A very stressful day, yesterday. I have known him for 41 years; three of us did everything together, at school and after leaving. We saw literally thousands of bands and formed our own. He was found dead after a fall on the saturday evening, and I found out just before work today. I have been surprised at the level of grief, much more than when my father died. Not sure why; perhaps a bit of guilt that I hadn’t seen him so much over the last couple of years, when he had a few health issues that I didn’t really know about, perhaps my own mortality is worrying me. Probably the Bisoprolol is showing its depressive effects.
Coupled with having to take my mother to her sisters funeral today, it was all too much. Dry January ended much wetter than it was supposed to; 3/4 of a bottle of wine gone.
I received a call from research nurse at NGH. I will need to have an echocardiogram and see Dr Stephen Hunter about my place on the trial. This meeds to be done with an ECG on the morning of my consultation with Dr. Hunter. Although he is available every wednesday this can’t be done until 1st March, so my appointment is further delayed.
I received a text from the surgery asking me to call in; my GGT levels are back up. My file had a slightly more detailed recommendation from the Doctor than that on my patient record, so the receptionist read it out to me. “Normal, but slightly high, retest in three months.” The normal limits for GGT are 8-61 and I am double the upper limit; not sure that counts as “slightly” high.
My results are showing a remarkable correlation with the 90 day moving average of units (no reason for this calculation, 90 days was taken at random). It seems to me that the alcohol must be affecting the levels, but the Doctor’s advice is that there is no problem and I may just have naturally high levels of GGT; perhaps both are true. I will take this graph with me next time I visit. Appointment for next blood test set for April.
I didn’t sleep last night; it could be stress from work or worry from the thought of the procedure; things are moving faster and seem much more real. I have no idea which it is.
Its 2 p.m. and I am still waiting for a phone call, I am nervous and excited, although it may not even happen today.
I had not previously thought too much about the mini-maze; from what I had read, I thought it was only offered where catheter ablations had failed. It turns out to be similar, but with keyhole access at the side of the chest instead of the leg, general anaesthetic rather than sedation and the use of cardiac bypass. Seems quite frightening in comparison. I still plan to follow the trial route.
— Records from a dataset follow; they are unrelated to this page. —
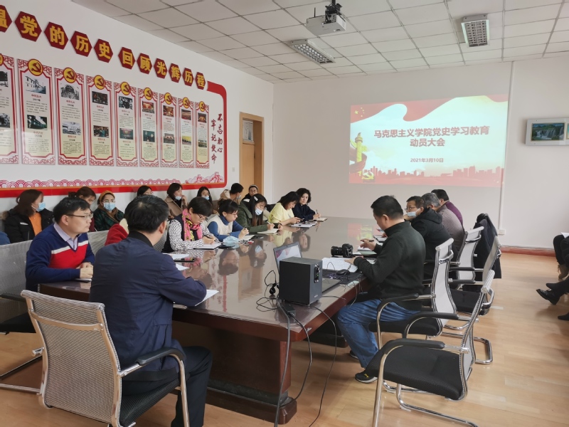 响应习近平总书记和党中央的号召,2021年3月10日下午,马克思主义学院召开了党史学习教育动员会议。全体在岗教职工共同观看总书记在党史学习教育动员大会上的重要讲话,开启了党史学习教育活动的大幕。
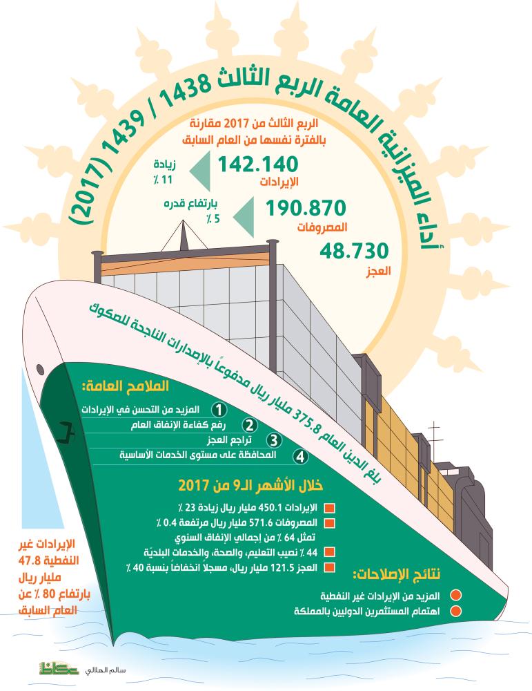 وقد جاءت المؤشرات المالية لأداء الميزانية العامة للدولة للربع الثالث من السنة المالية 1438 / 1439هـ (2017)، على النحو التالي: بلغ إجمالي الإيرادات في الربع الثالث 142.1 مليار ريال، محققة زيادة قدرها 11% عن نفس الفترة من العام السابق، فيما بلغت الإيرادات غير النفطية 47.8 مليار ريال، مسجلة ارتفاعا بنسبة 80% عن العام السابق، ما يؤكد جدوى الإصلاحات الاقتصادية.
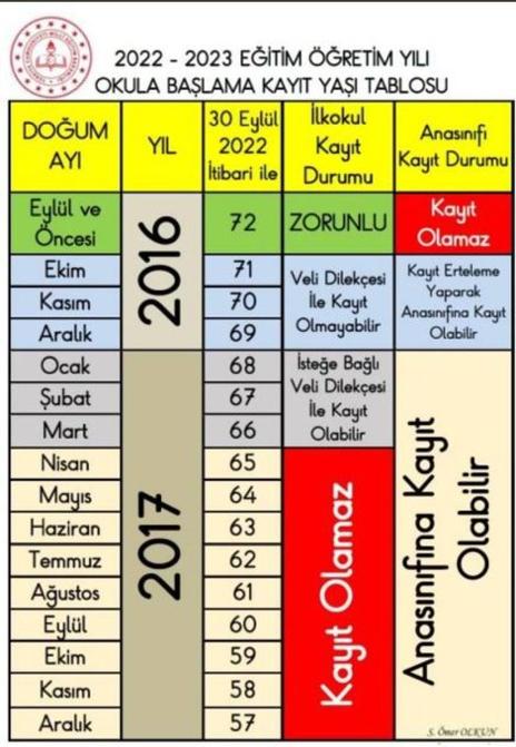 2022-2023 Eğitim Öğretim Yılı Kayıt Yaşı Tablosu
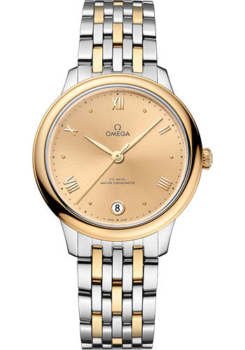 Omega Style No: 434.20.34.20.08.001 Omega De Ville Prestige Co-Axial Master Chronometer - 34 mm Steel And Yellow Gold Case - PVD Moonshine Gold Yellow Dial - Stainless Steel And Yellow Gold Bracelet
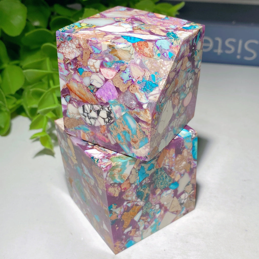Discover the captivating energy of our 1.6 Inch Natural Turquoise Chip Cube, a mesmerizing addition to any crystal cubes collection. This beautifully crafted geometric treasure combines the ancient wisdom of turquoise with the stable, grounding energy of the cube form. Each piece showcases nature's artistry through a vibrant mosaic of genuine turquoise chips carefully assembled into a perfect cubic structure.
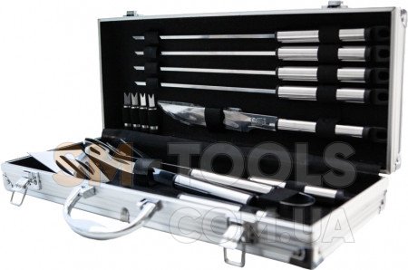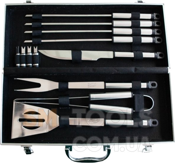 Набор аксессуаров (12 шт) для барбекю (гриля) из нержавеющей стали в благородном чемодане с петельками на липучке и резиновыми петлями для точной фиксации.

Appointment with electrophysiologist at the Northern General Hospital, Andreas Kyriacou. Strange that the cardiology department should be placed in an area where the parking situation is likely to produce excess stress; after arriving at the hospital gates with half an hour to spare, the parking situation meant that I literally walked into outpatients at my allotted time. In contrast to Chesterfield, it seems that the average age and weight here is much lower.
Apparently my chances of successful ablation are reduced from 80% to 50% as I have now been in persistent AF for more than a year. Obviously this change didn’t happen overnight on the anniversery of persistent AF, but it is very frustrating as from March last year I was pointing out to everyone I came into contact with in the NHS that I needed an ablation sooner rather than later. I had thought that the process: test, wait, test, further wait, test, another wait etc, was designed to fix the low percentage of easy cases while incurring little cost, and put off the higher spends until later. Unfortunately, it makes the other cases harder and more expensive to treat. It also allows the disease to develop further and given the increased inputs required from procedures and medications as well as the side effects such as lethargy and weight gain potentially causing other issues, this must be much more expensive for the NHS in the long run.
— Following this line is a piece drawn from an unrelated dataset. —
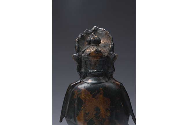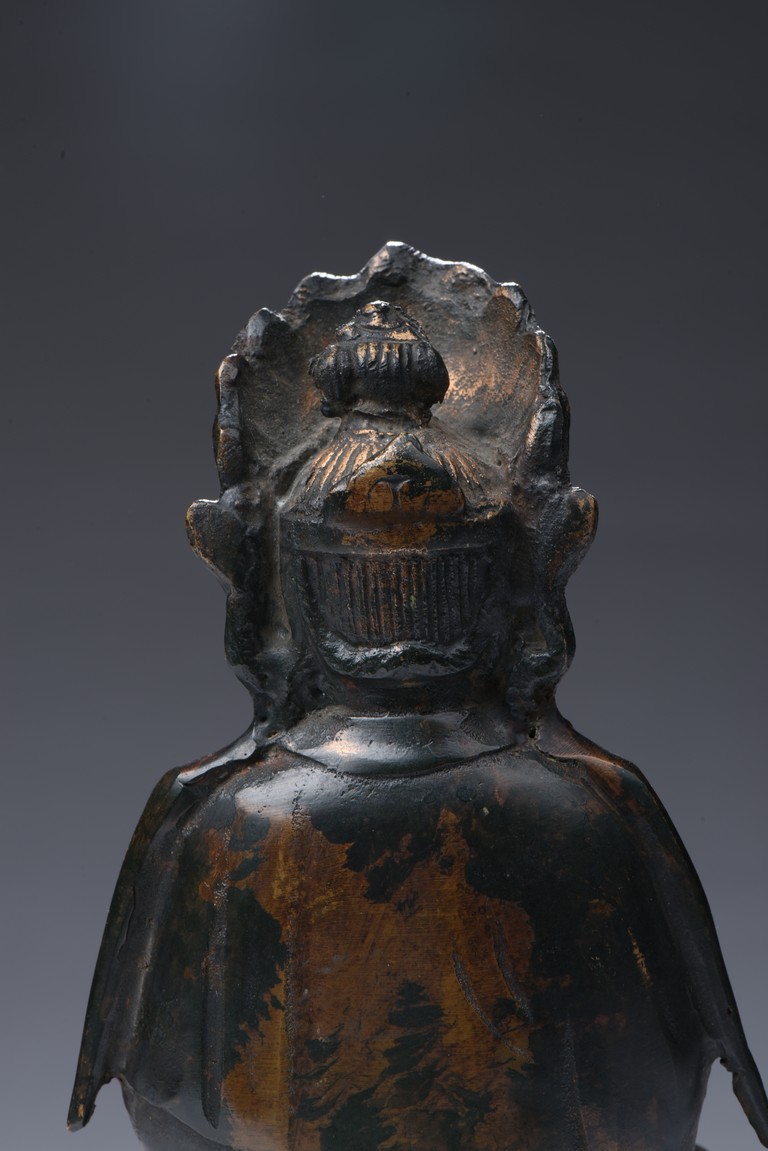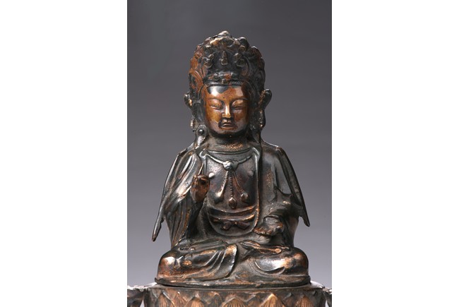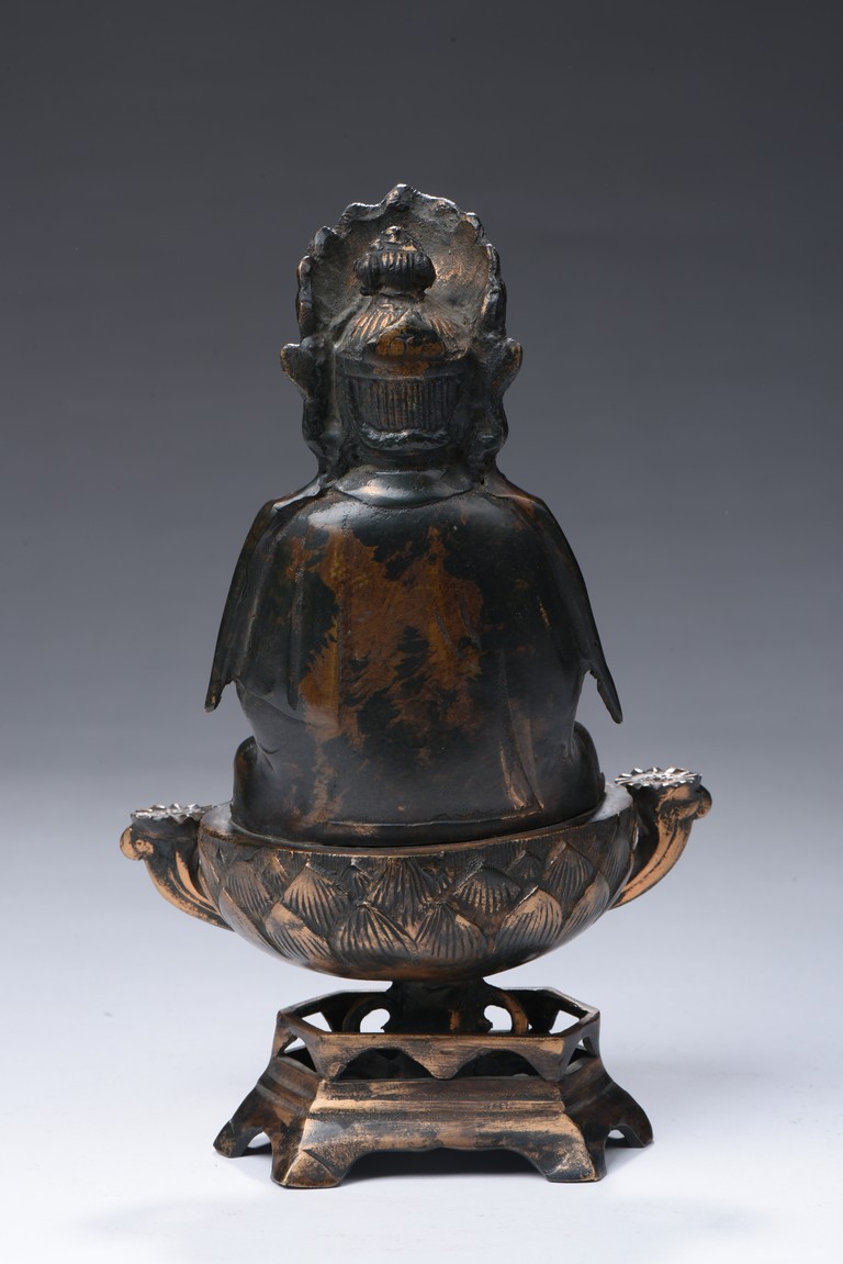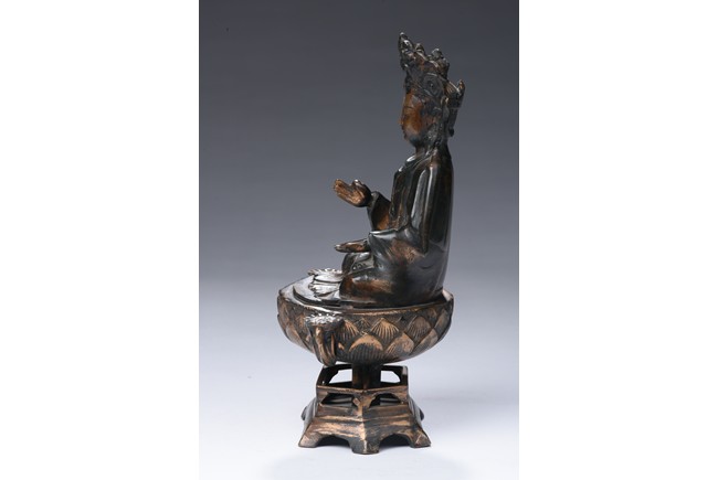Qing Dynasty period. Shown seated on a lotus throne supported by a stand, the bodhisattva is shown in dhyanasana, hands in abhaya mudra , wearing long and voluminous robe, chest adorned with beaded jewelry, the face shown in meditative expression.

It seems that there are two treatment options for which I am a suitable candidate: catheter ablation and the mini-maze procedure. I could choose which procedure I would prefer, but there would be a three to six month wait for catheter ablation and a longer wait for the mini-maze. I do have some luck; there is a research project underway at the NGH to assess recovery rates between the two options. If I choose instead to be on the trial, then I would be randomly selected to have one or other of the procedures, and waiting time would be significantly reduced. Also, a follow up ablation would be automatically scheduled after three months, rather than join the queue again. For me this is not a difficult decision to make, the earlier the intervention the better.
I will be contacted by the hospital, either tomorrow or the day after. If not, I should ring them on Thursday; this haste is very refreshing after the last months of dawdling.
In spite of the doctors belief that my GGT is not alcohol related I plotted a graph of units consumed against GGT readings. It looks to me like a perfect correlation between the GGT points and the 3 monthly moving average of my daily units intake. (There is no logical or statistical reason for selecting a three-monthly period for sampling; I used it as it shows an apparent correlation). I will have to see how the week of drinking over Xmas has affected the result in my next tests, if there is a rise on the previous result, it will implicate alcohol.
I received the details of my appointment with electrophysiologist at the Northern General on 16th January. I am ridiculously pleased, because this seems close (although my referral was October) I am still waiting for the notification of my next cardioversion, but this is likely to be the second week in February.